Typically, proprietary DICOM imaging software programmes are expensive, and their accessibility to the general clinician is limited. Therefore, the purpose of this study was to evaluate whether an open-source software (3D Slicer) approach would be practical and efficient for the volumetric analyses of the pulp space post REP when compared to that of a proprietary software (OsiriX MD).
The results of this work demonstrated that the mean decrease in volume after REP was 7.62 mm3 with OsiriX MD and 7.685 mm3 with 3D Slicer. Statistically there was no significant difference in the mean change in volumes calculated. This can be attributed to the dedicated tools within these software packages that allows the rapid, automatic outline and measurement of the ROI: the operator is required to only detect the coronal and apical extent (reference point), thereby minimizing observers variations when analyzing 3D images in various planes [21].
Except for a case report and one case series, there are no studies in literature currently which report the volumetric analyses of the teeth after REP [10, 20]. Mostafa EzEldeen et al. (2015) conducted a similar study using the two-step livewire, semiautomatic user-guided 3D active contour segmentation technique with the MeVisLab (MeVis Research, Bremen, Germany) software. The mean change in volume after REP was reported to be 27.92 mm3 in the 5-case series [10]. This difference in the outcomes compared to our study may be attributed to the larger no of cases as well as other predisposing factors such as the etiology (trauma) and periapical pathosis in the present study population [13].
The reduction in volume of pulp space post REP was apparently due to the intra canal deposition of cementum or bone like tissues.

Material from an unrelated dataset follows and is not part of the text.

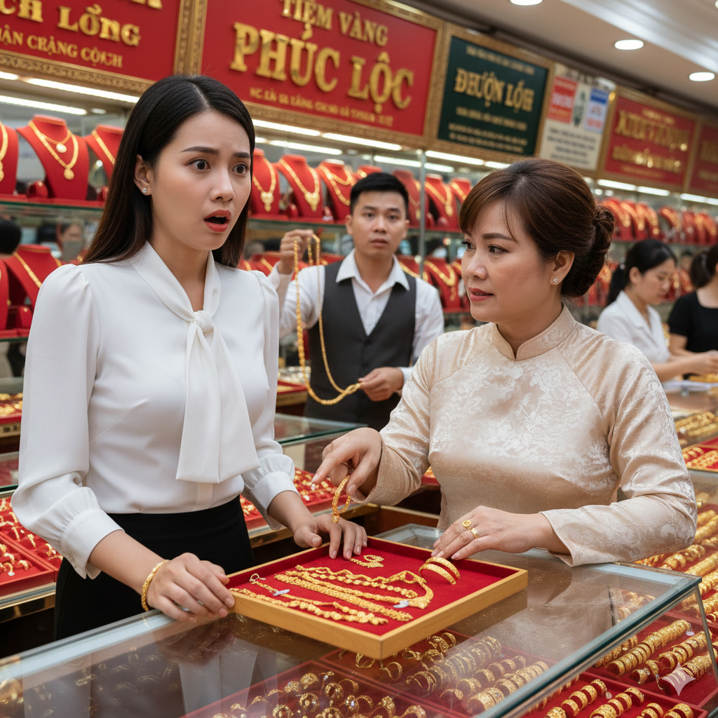 Cô bán hàng mang ra một hộp nhung. Bác Lệ mở nắp, ánh vàng hắt lên gương mặt bà. Đó là đúng mẫu nhẫn tôi vừa chọn.

This assumption is based on various reported histological findings in immature teeth with apical periodontitis treated with REP [20, 22–24]. However, the nature of the tissues formed or the influence of predisposing factors (i.e., trauma, periapical pathosis) has not been discussed nor was it in the scope of this study, which mainly focused on the quantitative efficiency of the two software programs. Though an attempt was made to quantify the hard tissue deposition on the canal walls post REP, we were unsuccessful in delineating its boundaries. This may be due to some of the limitations of CBCT imaging, such as a low contrast, background noise, limited correlation with Hounsfield units, along with a small area of tissue to be assessed ,all of which made it difficult to determine the precise location and quantification of the hard tissue formed post REP [25]. However, in the 3D Slicer the post REP 3D pulp space volume can be overlaid translucently over the pre-operative image and reviewed in a 3D view to assess the hard tissue deposition on the canal walls, which was not reported here as the reproducibility of this technique could not be confirmed or compared with OsiriX MD.
In terms of efficiency, the process with OsiriX MD was time consuming when compared to the grow cut technique in 3D Slicer, as in OsiriX MD multiple points outlining the diameter of the pulp space must be marked manually on the selected slices, until the entire perimeter has been defined.